#### Directions
The task calls for the lines below from the line with "お菓子に向かって一目散" to the line with "Im Jahr des", both ends included, copied exactly, without any pictures.

#### Available records
——————

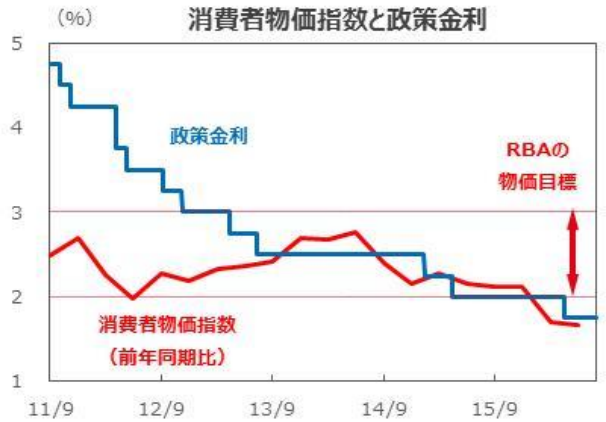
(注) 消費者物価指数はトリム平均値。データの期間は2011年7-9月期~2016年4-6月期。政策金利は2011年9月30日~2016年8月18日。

——————

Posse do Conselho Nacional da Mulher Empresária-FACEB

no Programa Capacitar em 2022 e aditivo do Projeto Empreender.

——————

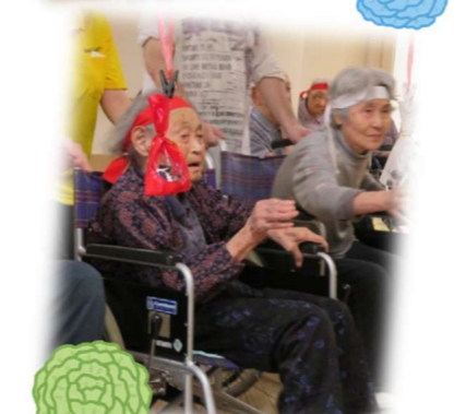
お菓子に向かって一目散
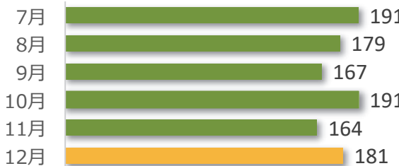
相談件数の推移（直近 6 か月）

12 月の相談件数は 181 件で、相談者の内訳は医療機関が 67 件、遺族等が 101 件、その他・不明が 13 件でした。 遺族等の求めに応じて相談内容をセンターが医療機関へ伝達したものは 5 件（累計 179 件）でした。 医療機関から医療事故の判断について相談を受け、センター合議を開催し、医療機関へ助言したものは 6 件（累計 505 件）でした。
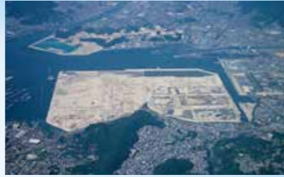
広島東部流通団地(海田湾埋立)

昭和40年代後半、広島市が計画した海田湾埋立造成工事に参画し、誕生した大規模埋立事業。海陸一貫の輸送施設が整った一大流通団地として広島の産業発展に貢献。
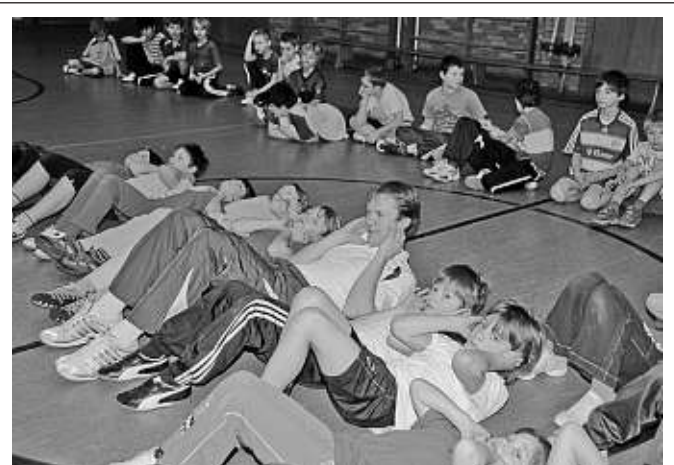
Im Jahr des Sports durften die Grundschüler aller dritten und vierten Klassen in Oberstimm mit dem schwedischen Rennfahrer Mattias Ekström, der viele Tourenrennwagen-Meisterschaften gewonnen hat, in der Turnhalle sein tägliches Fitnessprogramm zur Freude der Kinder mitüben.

——————

#### Solution
お菓子に向かって一目散
相談件数の推移（直近 6 か月）

12 月の相談件数は 181 件で、相談者の内訳は医療機関が 67 件、遺族等が 101 件、その他・不明が 13 件でした。 遺族等の求めに応じて相談内容をセンターが医療機関へ伝達したものは 5 件（累計 179 件）でした。 医療機関から医療事故の判断について相談を受け、センター合議を開催し、医療機関へ助言したものは 6 件（累計 505 件）でした。
広島東部流通団地(海田湾埋立)

昭和40年代後半、広島市が計画した海田湾埋立造成工事に参画し、誕生した大規模埋立事業。海陸一貫の輸送施設が整った一大流通団地として広島の産業発展に貢献。
Im Jahr des Sports durften die Grundschüler aller dritten und vierten Klassen in Oberstimm mit dem schwedischen Rennfahrer Mattias Ekström, der viele Tourenrennwagen-Meisterschaften gewonnen hat, in der Turnhalle sein tägliches Fitnessprogramm zur Freude der Kinder mitüben.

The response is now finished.